Ele passou o braço pela minha cintura e disse para o médico prosseguir.
– Se ele chegar a acordar não sabemos como ele vai estar. Pode estar sem memória, com alguma sequela. Não sabemos. – Ele curvou os ombros e me olhou. – Sinto muito.
Ele deixou a sala, mas antes avisou que eu poderia ver Blaine assim que ele fosse tranferido para o quarto. O que não demorou muito. Logo eu já estava ao seu lado, segurando sua mão e sussurrando milhões de desculpas.
Era horrível vê-lo assim. Inerte. Impossibilitado. Praticamente morto.
Havia, mais ou menos, uma hora que eu estava ali quando senti um frio na espinha.
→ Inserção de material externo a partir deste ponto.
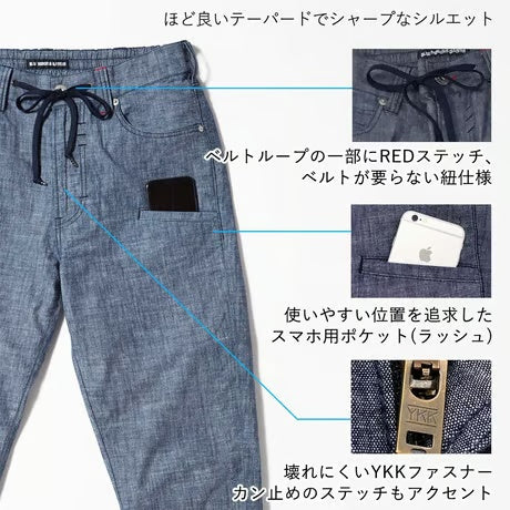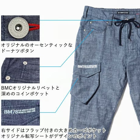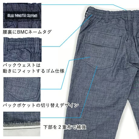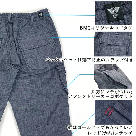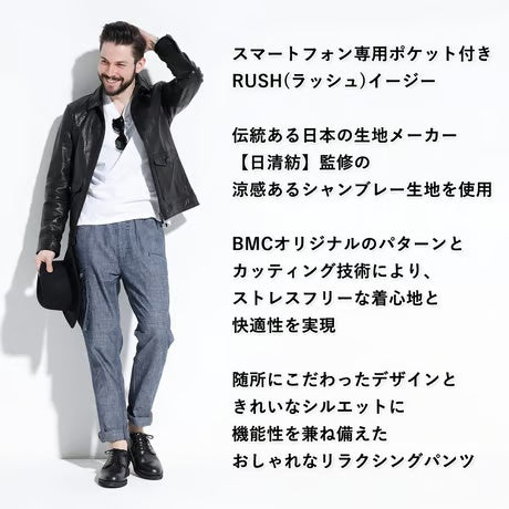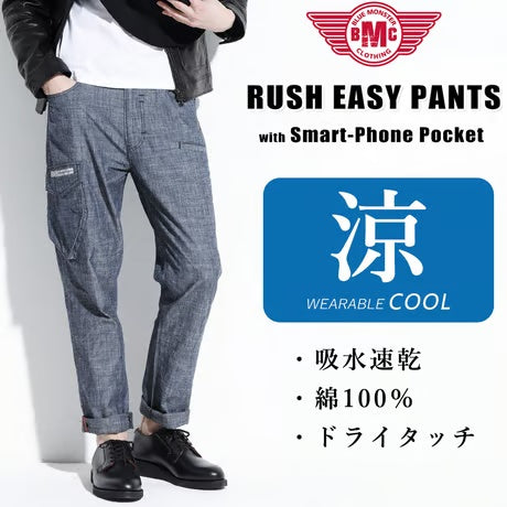 (サマーパンツ)スマホ専用ポケット シャンブレー イージーパンツ / BMC RUSH EASY PANTS RINSE /R78E1

Uma mão se pôs no meu ombro. Fria. Eu conhecia o toque e também conhecia a voz rouca que veio a seguir.
– O que você fez, ma belle? – Olhei para Blaine, o fantasma, e ele estava pasmo olhando para si mesmo.
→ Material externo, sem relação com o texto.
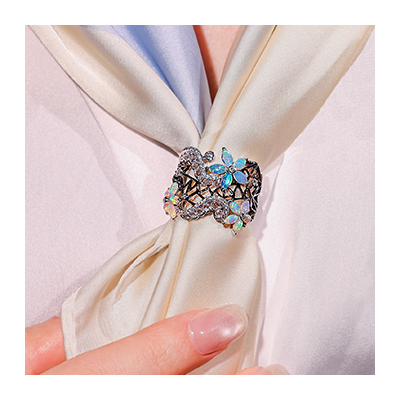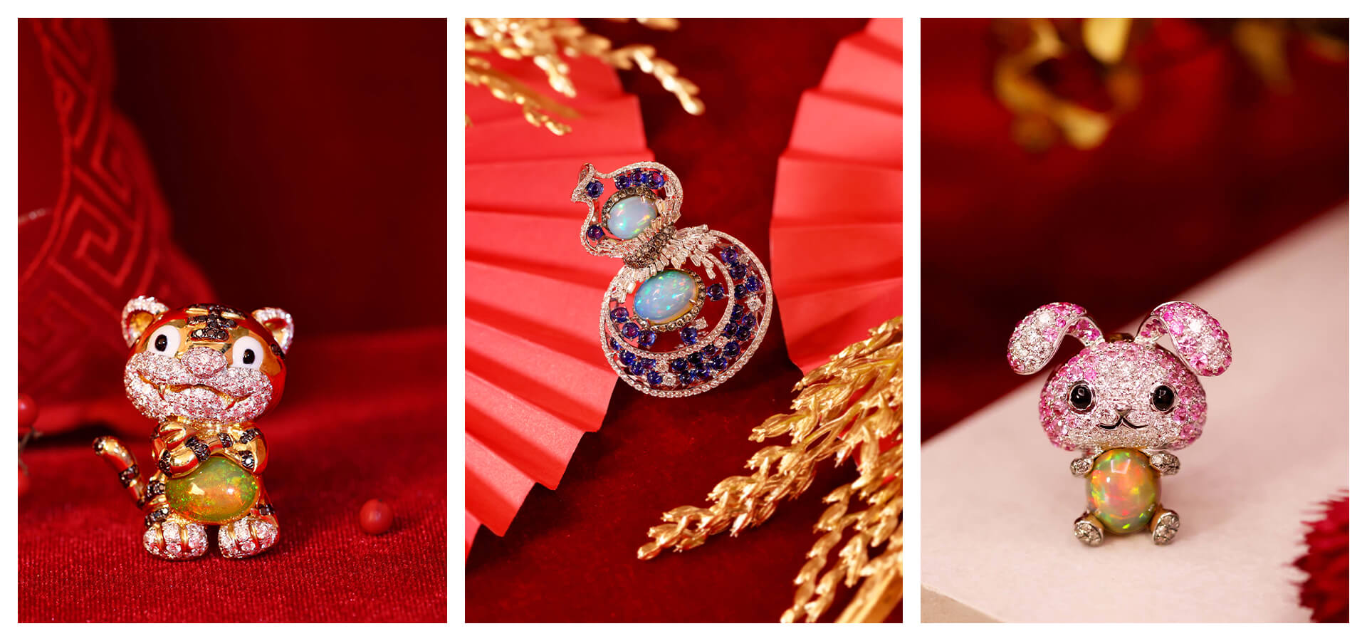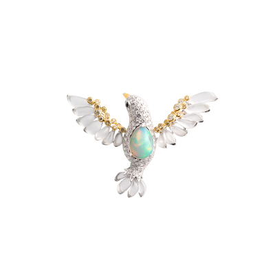 | 良和擅長以蛋白石打造各種可愛小動物,甚至化身為家中可愛的寵物,除了作為胸針配戴,也可以別在衣領或是罩衫的中間,為日常的配戴增添層次感,也身兼時尚與陪伴的意義;良和也打造多款鳥兒造型的戒指,彷彿停駐在指間為你打造你專屬的靈動魅力。 |

Eu me levantei as pressas e lhe abracei. Uma corrente fria passou através do meu corpo, mas eu nunca me senti tão confortável. Ele não havia desaparecido. Eu ainda tinha o antigo Blaine pelo menos.
– Me desculpe, e-eu não queria... – Ele me interrompeu.
– Tudo bem, ma belle. – Ele apertou ainda mais o abraço. – É estranho me ver assim, sabe.
Quando nos separamos ele continuou olhando para seu corpo imóvel na cama. O que ele devia estar sentindo? Eu enlouqueceria se estivesse em seu lugar. Só de imaginar fico enjoado.
O que eu vou fazer se o outro Blaine acordar? Deixa-lo? Eu tenho essa opção?
Eu fiquei afastado enquanto Blaine se aproximava da cama. Completamente atônito. Ele nem percebeu quando Quinn entrou no quarto e ficou ao meu lado, só percebeu quando ele me olhou e sorriu, e em um segundo sua expressão se tornou assutada, e então ele desapareceu.
– BLAINE!
Eu gritei querendo impedir de que fosse, para onde quer que tenha ido. Era tarde demais. Foi como tentar segurar o vento, literalmente o vento. Eu o chamei outras vezes e ele não voltou. Eu sabia que ele não o faria, dessa vez foi direfente, foi como se ele tivesse sido sugado por alguma coisa.
Quinn me envolveu em seus braços quando as lágrimas teimaram em cair novamente. Eu estava cansado de todo esse chororo, de todos esses problemas. Justo quando achei que minha vida estava melhorando. Isso é tudo culpa de Sebastian. Por que ele tinha de se meter conosco?
– ma belle? – A voz ecoou no quarto. Rouca demais, perto demais e viva demais.